フランス人のパパの教育
うちの主人は、パパとして、娘に対しては、怒るとなると、もの凄く怖く、また、ガタイがよくて、声も大きいので、それは、それは、迫力があるのです。
私も最初は、あまりの迫力に、緊迫した空気が流れ、こちらまで、なんとなくピリピリした気分になり、憂鬱だなあ・・などと思っていると、それから、まもなくして、二人のケラケラ笑う声が聞こえてきたりして、暗い雰囲気を全く引きずらないので、どうにも、ラテン系の人たちには、付き合いきれない、などと思ったりしたものです。
怒ると、とても怖いパパですが、普段は、甘々なパパなのです。
うちの主人には、前の奥さんとの間に、娘よりも、かなり年長の子供が3人いたのですが、いずれも男の子だったので、女の子の扱いに慣れていませんでした。

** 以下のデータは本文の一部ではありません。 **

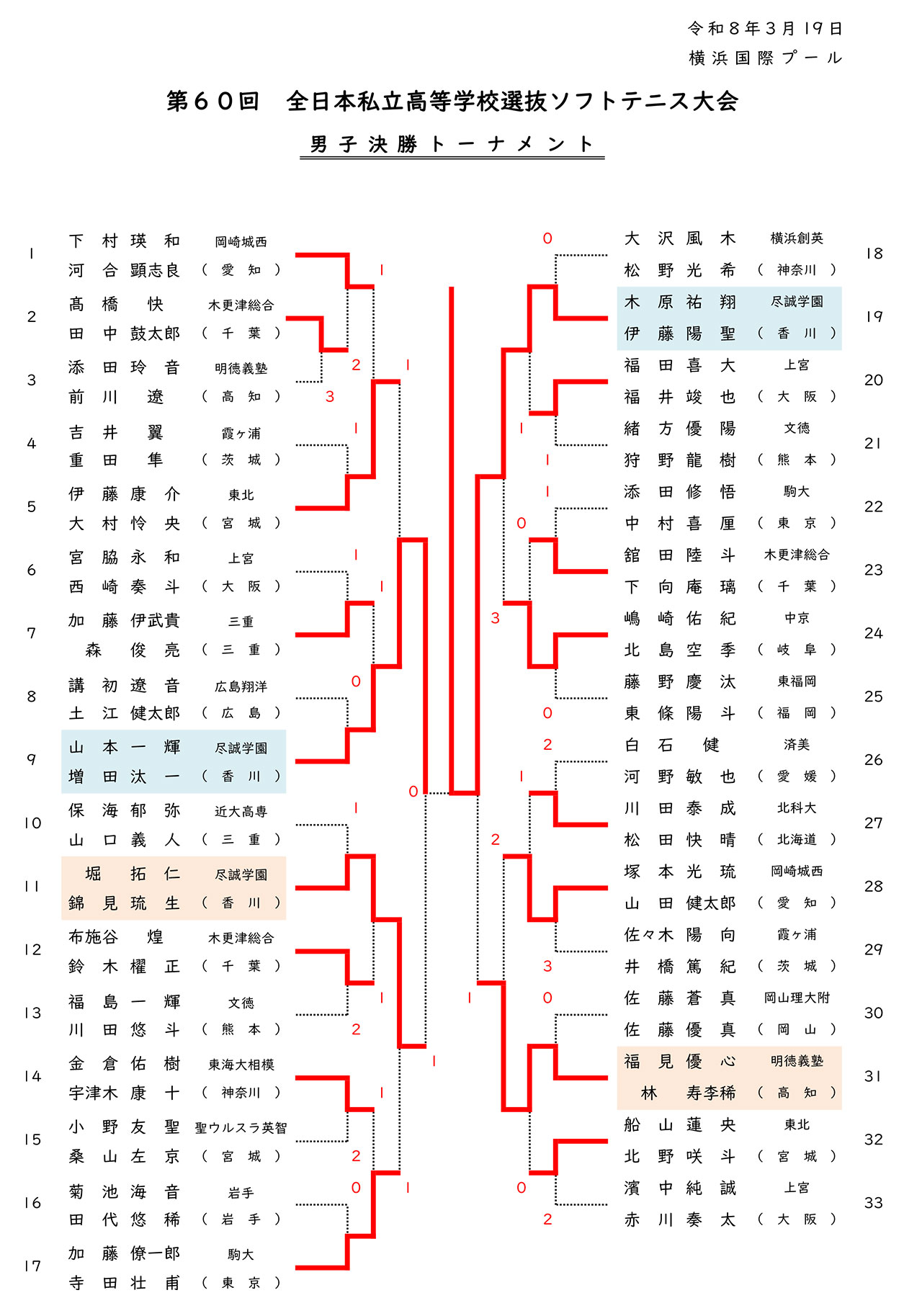 3月19日、第60回全日本私立高等学校選抜ソフトテニス大会の男子個人戦決勝トーナメントが行われ、木原祐翔・伊藤陽聖ペア(尽誠学園)が、同じく尽誠学園の山本一輝・増田汰一ペアとの同士討ち決勝を制して優勝を果たした。

誰でも、初めての子育ては、男、女に関わらず、初めてなのですから、子供をどうやって育てていくかは、手探りでやっていくしかありません。
ところが、逆に、主人の場合は、ヘタに3人分の男の子の子育ての経験があったため、主人は、まるで、男の子を育てるように娘を育てようとしました。

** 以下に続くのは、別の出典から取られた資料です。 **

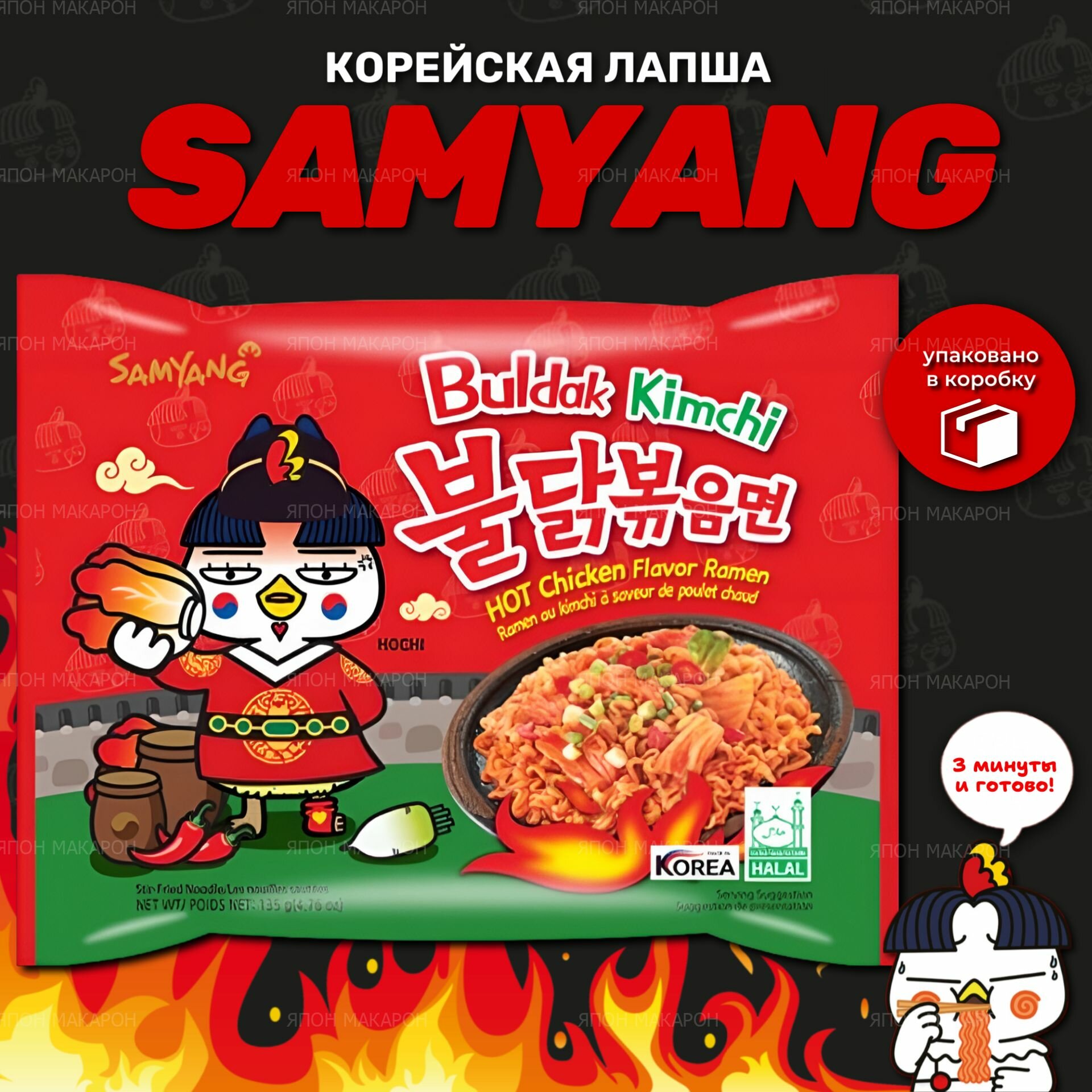 Корейская лапша быстрого приготовления SAMYANG Buldak со вкусом острой курицы и кимчи 1шт/Острая лапша/Hot Chicken Kimchi Ramen

毎週のように、主人は、娘をグラウンドに連れて行き、トラックを走らせたり、ダンベルのようなものを使った、筋トレのようなことまでさせて、まるで、マッチョを養成するかのごとく、彼女を鍛えました。
幸い? 彼女は、エネルギー溢れる子供でしたので、主人のトレーニングにへこたれることもなく、主人の期待どおりに、小さい頃から、自分で腕をまくって、拳を握りあげ、自分の力こぶが盛り上がるのを自慢するような子になっていました。
私は、内心、小さな女の子が力こぶ自慢をするのも、どうかと思っていましたが、まあ、年頃になれば、変わるだろうと口をつぐんでいました。

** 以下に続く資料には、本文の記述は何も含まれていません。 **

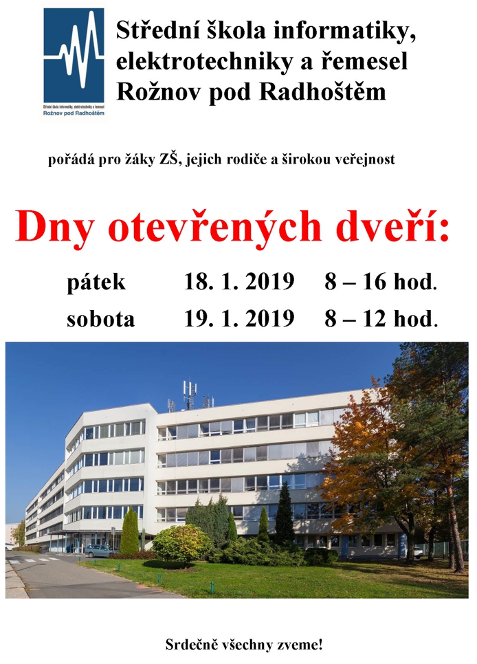 18. a 19. 1. 2019 pořádáme pro žáky ZŠ, jejich rodiče a širokou veřejnost Den otevřených dveří.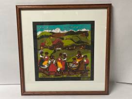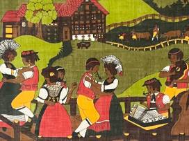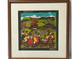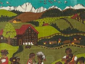 This stunning dyed textile came from Switzerland and is a truly unique piece! It depicts a Swiss village scene dancing, with cows in the mountains and pastures beyond.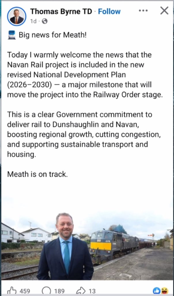 Also significant numbers of new homes could be built if the train line was open, in Navan and along the route. This should resolve any concerns about the CBA.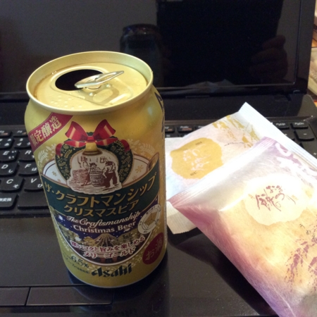 煎餅をツマミに売れ残りのクリスマスビアをいただきます。

やがて、彼女が成長するにつれ、ちょっと洒落た格好をするだけで、「シャネルのデフィレ(ファッションショー)じゃないんだから・・」と、顔を曇らせました。
主人は、娘がチャラチャラした女の子になることを極度に嫌っていました。
しかし、そんな男まさりな筋トレから、多少、方向転換の兆しが見えたのが、私が望んで、始めさせたバレエのレッスンでした。
バレエは、私自身の憧れでもあり、また、近くのバレエスタジオにパリのオペラ座の先生がいらしたりしたこともあり、女の子には、人気のお稽古事でもあり、クラスの半分くらいの女の子が来ていました。
ピンクのチュチュを着た小さな女の子たちは、小さなナルシストの集まりのような雰囲気で、それまでの筋肉自慢のパパの教育とは、別世界でもありました。
バレエのレッスンを重ねることによって、彼女の力こぶ自慢の路線からは、少しは、軌道修正できたかに思われましたが、基本的には、小さい頃に主人が鍛えた路線が未だに彼女の根底に根付いています。
しかし、あたりを見回してみると、フランス人の女の子には、日本人の若い女の子のような、いわゆる女の子らしい、か細く、ふわっとした感じの子というのは、あまり見当たらず、どちらかというと、キリッとしていて、強いイメージです。
ファッションも、どちらかというと、カジュアルで、シンプルです。
主人の教育は、少し極端な例だったのかもしれませんが、周りの女の子の仕上がりを見てみると、必ずしも、まるで例外というわけでもないような気もするのです。